>>>

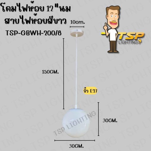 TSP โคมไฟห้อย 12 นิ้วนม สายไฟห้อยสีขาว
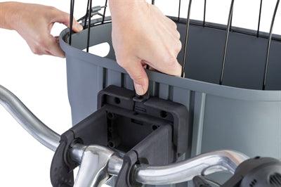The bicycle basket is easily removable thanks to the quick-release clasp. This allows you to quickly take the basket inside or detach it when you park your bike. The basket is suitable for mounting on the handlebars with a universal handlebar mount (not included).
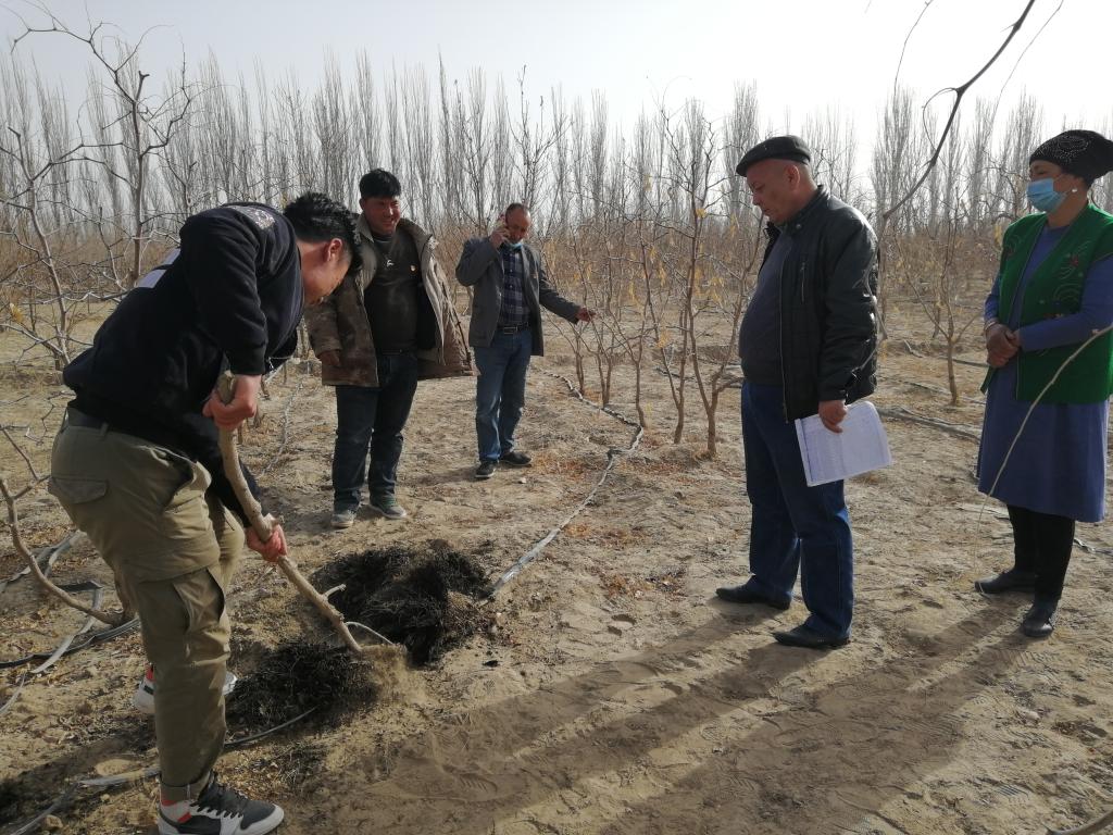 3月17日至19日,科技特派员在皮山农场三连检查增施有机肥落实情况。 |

<<<
>>>

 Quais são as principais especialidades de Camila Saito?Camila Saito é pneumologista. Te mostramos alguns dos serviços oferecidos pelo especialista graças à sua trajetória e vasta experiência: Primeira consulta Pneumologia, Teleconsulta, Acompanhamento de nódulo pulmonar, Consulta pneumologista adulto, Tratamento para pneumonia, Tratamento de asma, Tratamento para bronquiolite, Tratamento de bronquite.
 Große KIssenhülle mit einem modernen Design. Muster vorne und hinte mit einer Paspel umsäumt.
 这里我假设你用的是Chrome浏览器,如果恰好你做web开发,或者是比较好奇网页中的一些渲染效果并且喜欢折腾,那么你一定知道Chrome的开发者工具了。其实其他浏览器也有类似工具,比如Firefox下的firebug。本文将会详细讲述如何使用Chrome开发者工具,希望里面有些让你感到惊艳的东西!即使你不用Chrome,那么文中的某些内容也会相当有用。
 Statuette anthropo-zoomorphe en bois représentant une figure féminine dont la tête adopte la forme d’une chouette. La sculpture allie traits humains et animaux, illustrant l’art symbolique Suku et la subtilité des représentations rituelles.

<<<
>>>

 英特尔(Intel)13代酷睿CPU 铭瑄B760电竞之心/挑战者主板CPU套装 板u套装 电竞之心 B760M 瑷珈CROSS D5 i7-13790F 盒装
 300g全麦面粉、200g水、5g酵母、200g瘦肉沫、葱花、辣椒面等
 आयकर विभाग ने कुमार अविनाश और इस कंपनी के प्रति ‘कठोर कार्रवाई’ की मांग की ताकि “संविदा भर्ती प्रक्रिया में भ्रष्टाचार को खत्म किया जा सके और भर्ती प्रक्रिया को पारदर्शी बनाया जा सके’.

<<<

▶ Exercise instructions:
Taking the entries above, copy word for word the lines from the one with "TSP โคมไฟห้อย 12 นิ้วนม สายไฟห้อยสีขาว" up to and including the one with "3月17日至19日,科技特派员在皮山农场三连检查增施有机肥落实情况。 |", without any picture.

▶ Answer box:
 TSP โคมไฟห้อย 12 นิ้วนม สายไฟห้อยสีขาว
The bicycle basket is easily removable thanks to the quick-release clasp. This allows you to quickly take the basket inside or detach it when you park your bike. The basket is suitable for mounting on the handlebars with a universal handlebar mount (not included).
 3月17日至19日,科技特派员在皮山农场三连检查增施有机肥落实情况。 |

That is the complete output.